Just 2000 had survived the trip, but the numbers were soon growing and the Garifuna diaspora continued to the mainland. Today there are around 200,000, spread around both sides of the entrance to the
Bay of Amatique. Livingston itself was founded in 1795, which suggests that the Garifuna already had a foothold in Central America before the loss of their tribal homeland.
Their leading cultural export today is
Punta, a musical form which has links with an ancestral West African beat, appropriately named Bunda. ('Buttocks'). (Some examples
here.)
Just to the north is Belize's southern exit-port Punta Gorda, around which
Mopan and Kekchi Maya settled in the 1880s, escaping forced labour and taxation in the Petén region of Guatemala. There they joined a sizeable contingent of Confederate Civil War veterans dubiously persuaded to re-create the lost world of the Old South in the Toledo district's tropical climes.
There now seem to be many more of these Mopan and Kekchi over the border in Livingston and alongside the Rio Dulce. In the café-bar called
BugaMama where we stopped for breakfast, the posters warning of the dangers of 'SIDA' were depicted
cartoon couples in indigenous dress speaking their own languages. Livingston has one of the highest incidences of HIV in Guatemala, which serves to confirm many of the prejudices of southern Guatemalans regarding their comparatively isolated compatriots of African descent.

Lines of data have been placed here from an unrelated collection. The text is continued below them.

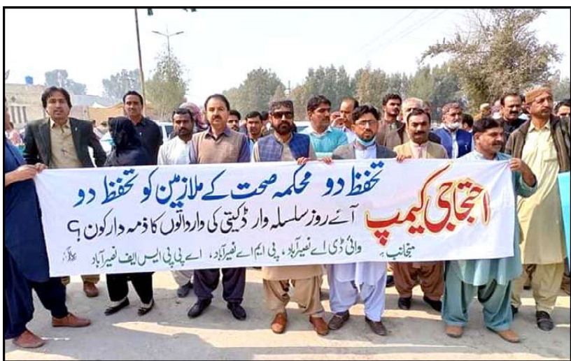
NASEERABAD: Members of Pakistan Medical Association (PMA) are holding protest demonstration for acceptance of their demands, held at Allahwala Chowk in Naseerabad.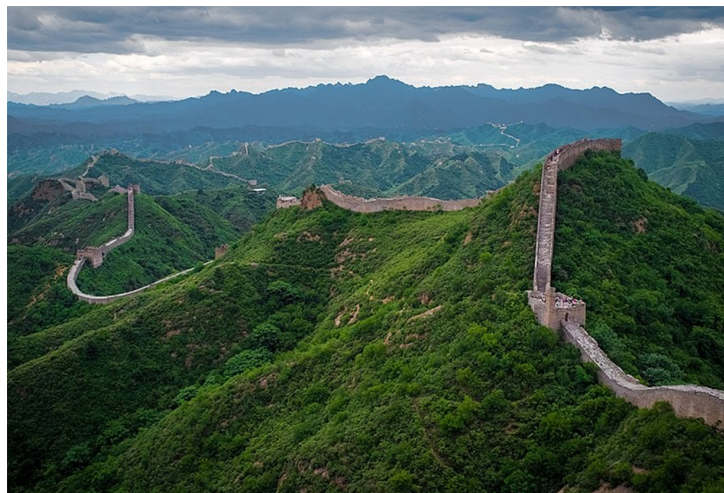
Figure 1. The Great Wall of China.

The Great Wall of China ( Figure 1 ) is a massive fortification that spans thousands of kilometers across the northern borders of China. It crosses several major rivers, including the Yellow River, Yalu River, and Wei River, and these rivers have played an important role in the history and culture of the region.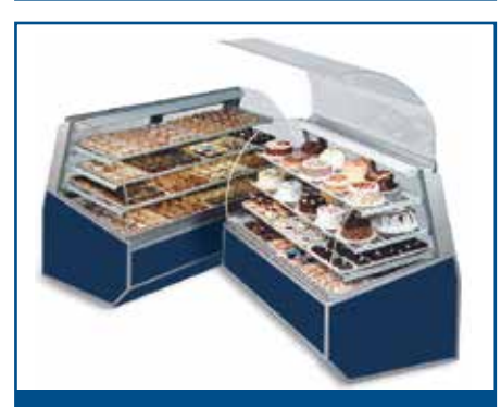
Model SN-77 Lift-up front glass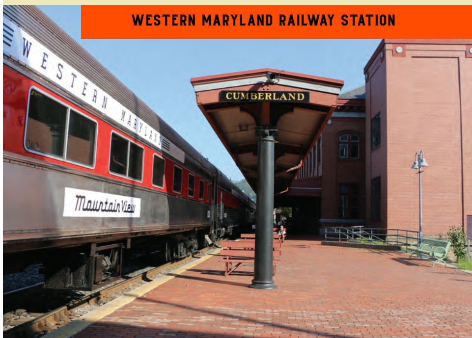
WESTERN MARYLAND RAILWAY STATION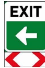
Gore Exit Direction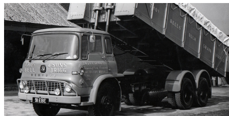
1950's: Thomas Bell & Sons Agricultural Merchants.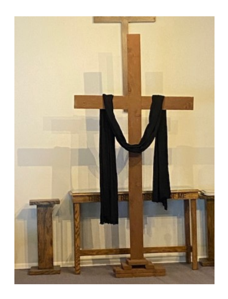
Good Friday Service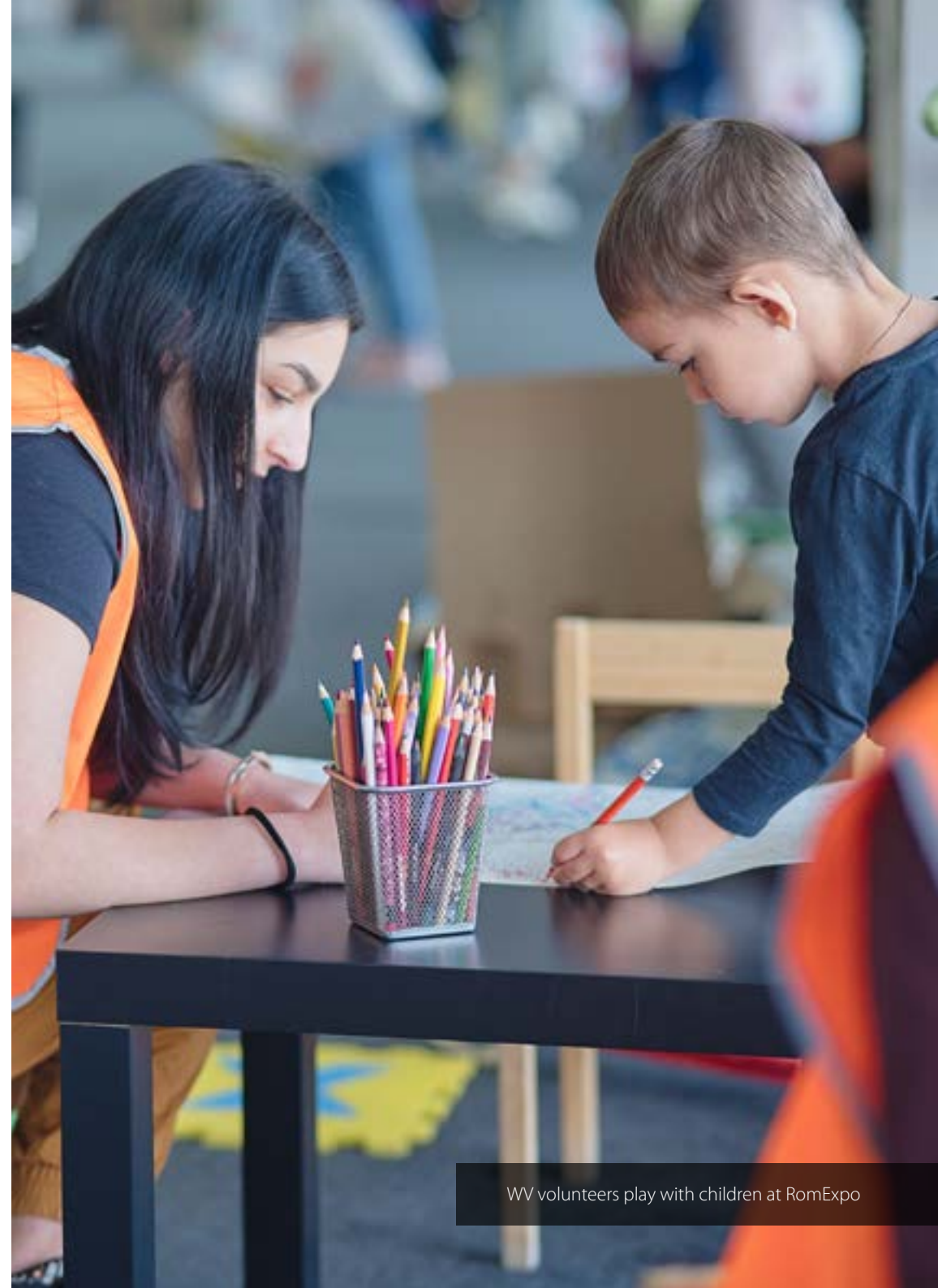
WV volunteers play with children at RomExpo

For any media requests, please email kate_shaw@wvi.org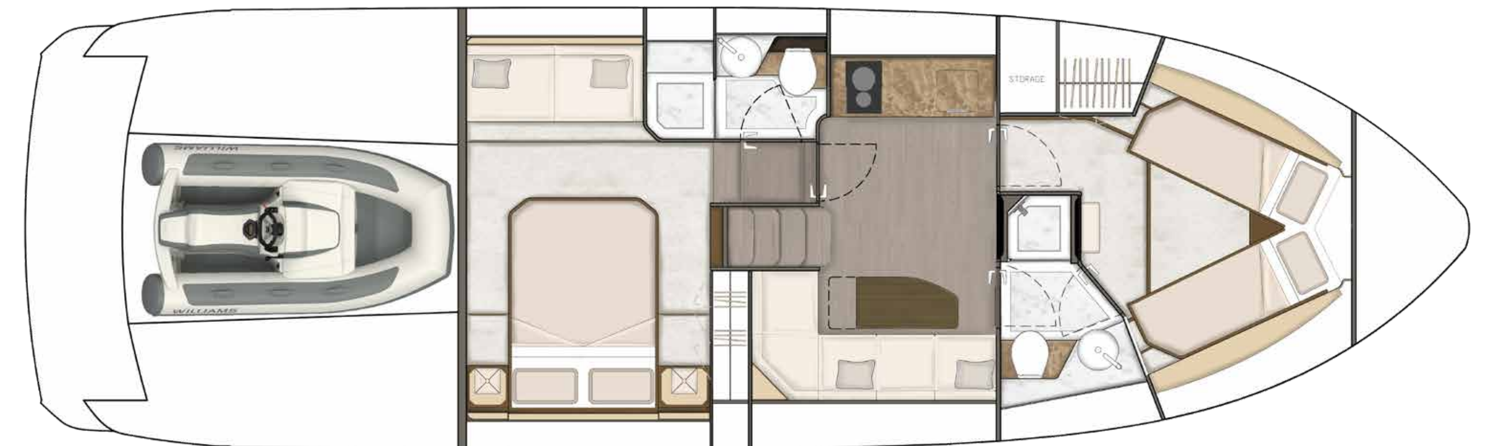
FORWARD SCISSOR BERTH

Unfortunately we didn't stick around in town for a more substantial meal, otherwise I would have been tempted to try
Tapado, the most famous Garifuna dish - a fabulous fish and seafood stew made with both green and ripe plantains, yams, tomatoes and herbs, all simmered in coconut milk.
V's stomach was a bit sensitive that morning anyway. The night before we had dined at
Los Delfines next to the municipal dock in
Puerto Barrios. You pass through a tunnel of wooden slats lined with inflated rubber rings and end up at a table on a platform perched on stilts over the calm waters of the Caribbean. During the meal enormous black rats poked their twitching snouts out of the holes in the corners and cockroaches that you could wear as sandals scurried around between the gaps in the boards.
Felipe and I had a delicious
ceviche. V's breaded prawns certainly looked yummy, but she was up most of the night. The water taxi ride across the Bay of Amatique had also been a little rough. Before reaching Livingston we had to pass through a thick grey wall of precipitation − it was rather like going underneath a waterfall, except that it lasted for about ten minutes.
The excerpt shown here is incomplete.